### SUPPLIED DATA
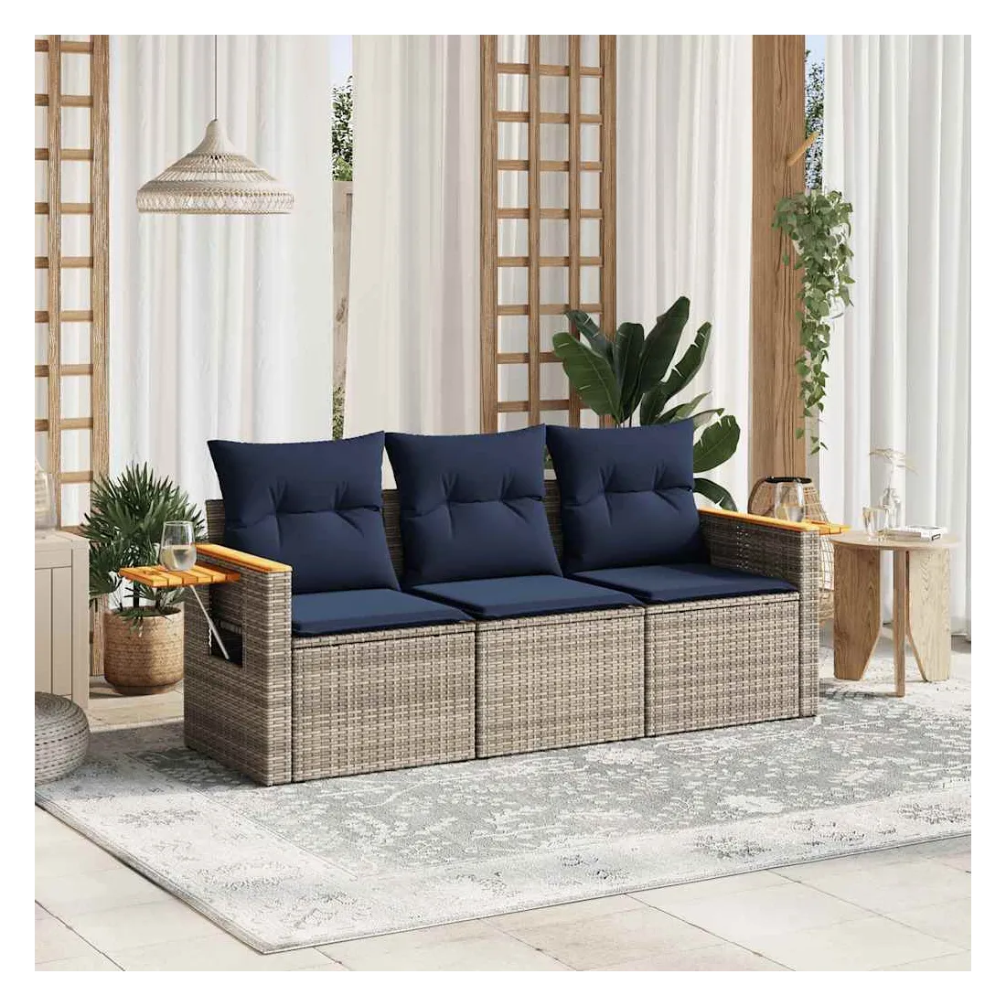 Cet ensemble de canapés de jardin est le complément parfait de votre arrière-cour, terrasse ou patio, offrant un espace confortable et accueillant pour discuter avec la famille et les amis ou simplement se détendre et profiter de l'extérieur. Matériau durable : la résine tressée, également connue sous le nom de poly rotin, est un matériau synthétique solide et nécessitant peu d'entretien qui ressemble au rotin naturel. Il est léger, facile à nettoyer et couramment utilisé pour les meubles d'extérieur en raison de sa durabilité et de ses propriétés de résistance aux intempéries.Table d'appoint pratique : ce mobilier d'extérieur comprend une table d'appoint pliable avec un ressort à gaz sur les accoudoirs, offrant un endroit pratique pour garder vos essentiels à portée de main.Housse amovible et lavable : ces coussins de siège sont dotés de housses amovibles pour un lavage et un entretien faciles.Conception modulaire : cet ensemble de meubles d'extérieur a une conception modulaire, ce qui le rend complètement flexible et facile à déplacer, afin que vous puissiez créer un agencement de meubles d'extérieur personnalisé. Bon à savoir :Pour que vos meubles d'extérieur restent beaux, nous vous recommandons de les protéger avec une housse imperméable.
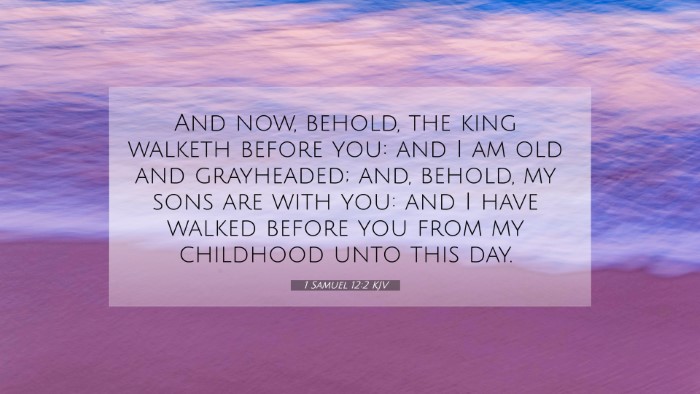 Verse: "And now, behold, the king walketh before you: and I am old and grayheaded; and behold, my sons are with you: and I have walked before you from my childhood unto this day."
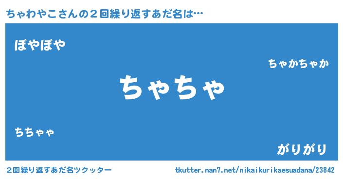 | ヘコむあだ名 | 『ちゃにゅー』『ちゃわやこ(遠い目)』 |
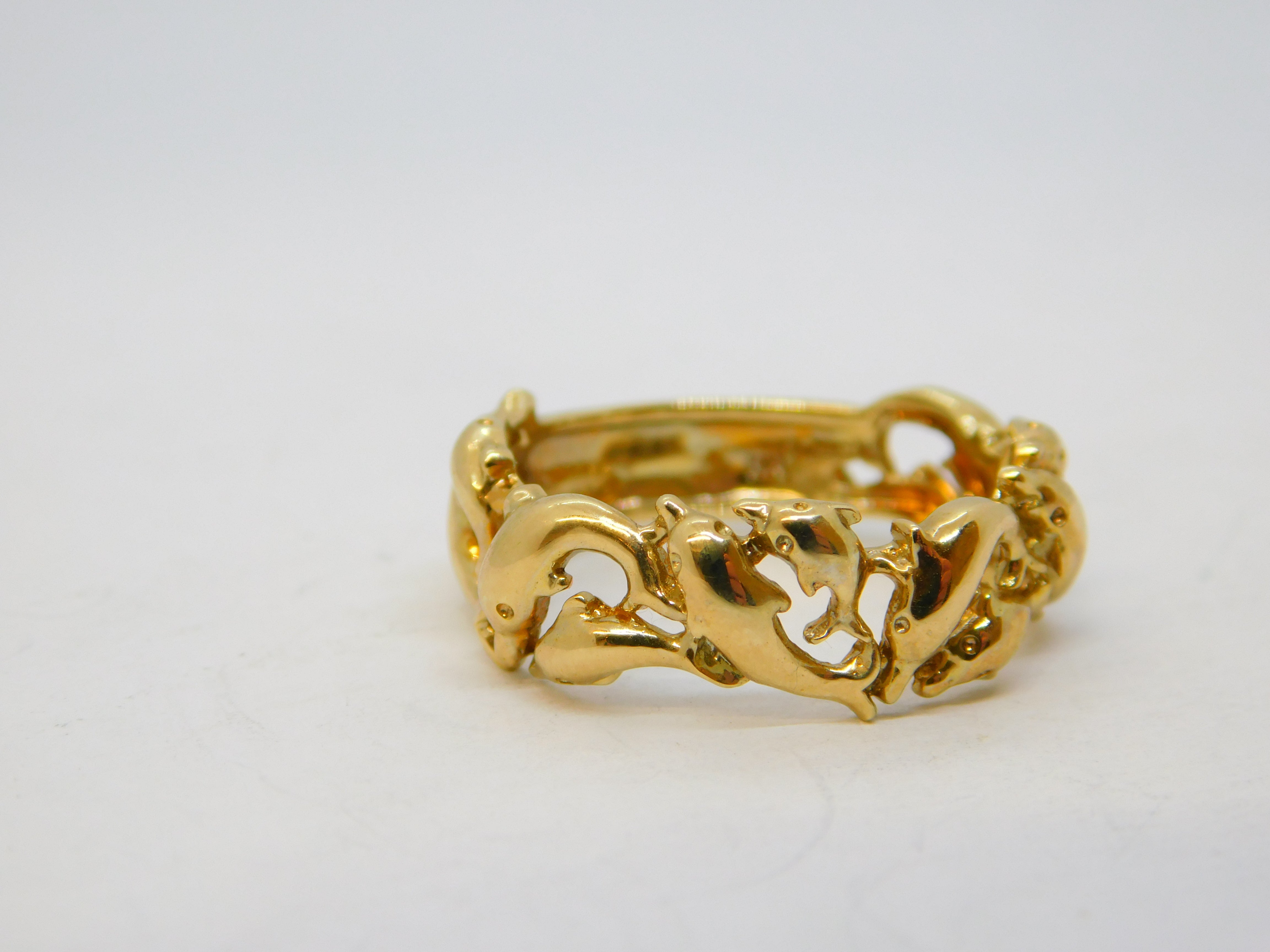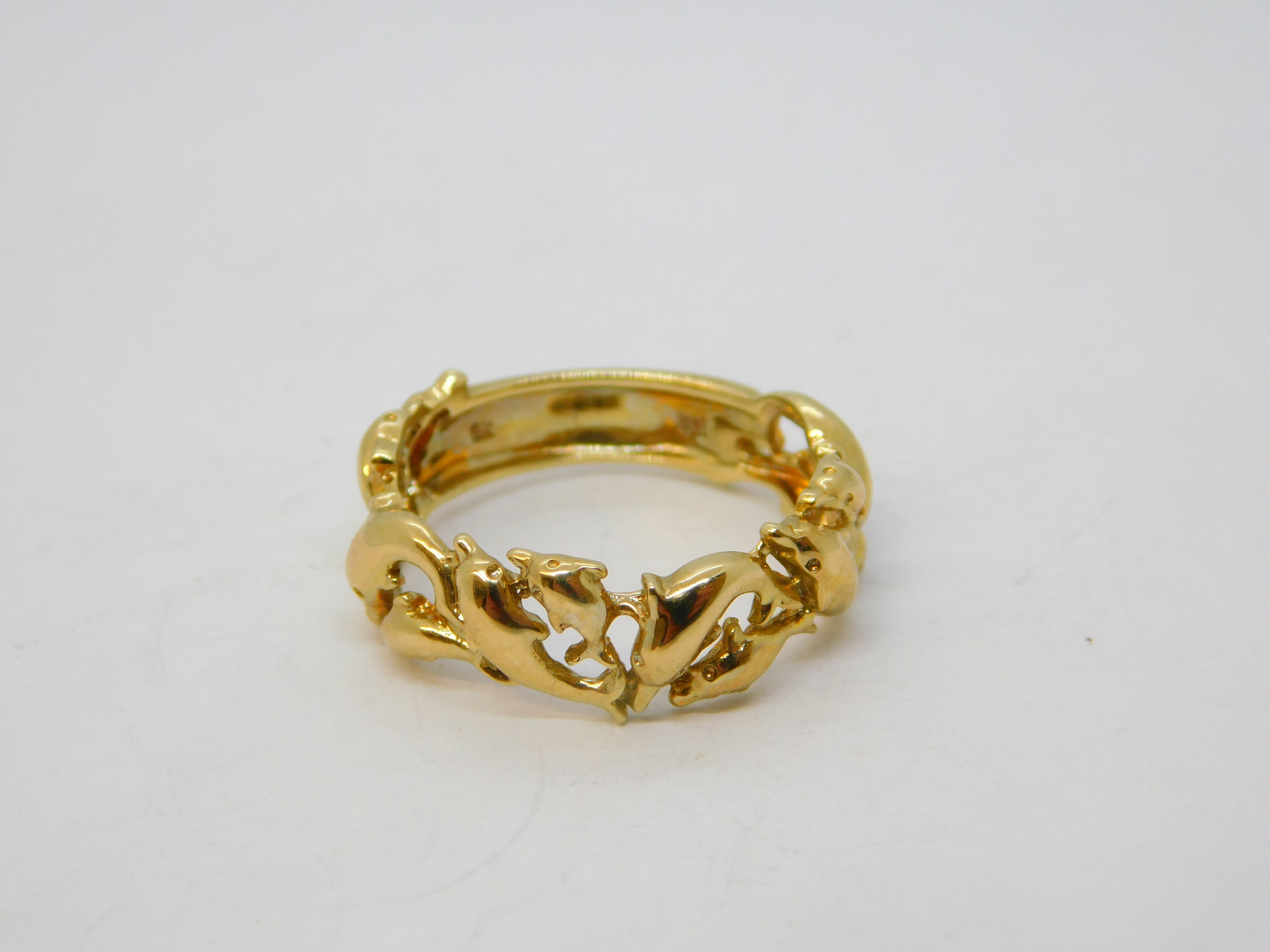 9ct Yellow Gold Jumping Dolphin Band Ring Vintage 2004 Birmingham
######
> _WHAT IS NEEDED_
If a line holds a picture, skip the picture and transcribe the rest of the material exactly.

> _TASK ANSWER_
 Cet ensemble de canapés de jardin est le complément parfait de votre arrière-cour, terrasse ou patio, offrant un espace confortable et accueillant pour discuter avec la famille et les amis ou simplement se détendre et profiter de l'extérieur. Matériau durable : la résine tressée, également connue sous le nom de poly rotin, est un matériau synthétique solide et nécessitant peu d'entretien qui ressemble au rotin naturel. Il est léger, facile à nettoyer et couramment utilisé pour les meubles d'extérieur en raison de sa durabilité et de ses propriétés de résistance aux intempéries.Table d'appoint pratique : ce mobilier d'extérieur comprend une table d'appoint pliable avec un ressort à gaz sur les accoudoirs, offrant un endroit pratique pour garder vos essentiels à portée de main.Housse amovible et lavable : ces coussins de siège sont dotés de housses amovibles pour un lavage et un entretien faciles.Conception modulaire : cet ensemble de meubles d'extérieur a une conception modulaire, ce qui le rend complètement flexible et facile à déplacer, afin que vous puissiez créer un agencement de meubles d'extérieur personnalisé. Bon à savoir :Pour que vos meubles d'extérieur restent beaux, nous vous recommandons de les protéger avec une housse imperméable.
 Verse: "And now, behold, the king walketh before you: and I am old and grayheaded; and behold, my sons are with you: and I have walked before you from my childhood unto this day."
 | ヘコむあだ名 | 『ちゃにゅー』『ちゃわやこ(遠い目)』 |
 9ct Yellow Gold Jumping Dolphin Band Ring Vintage 2004 Birmingham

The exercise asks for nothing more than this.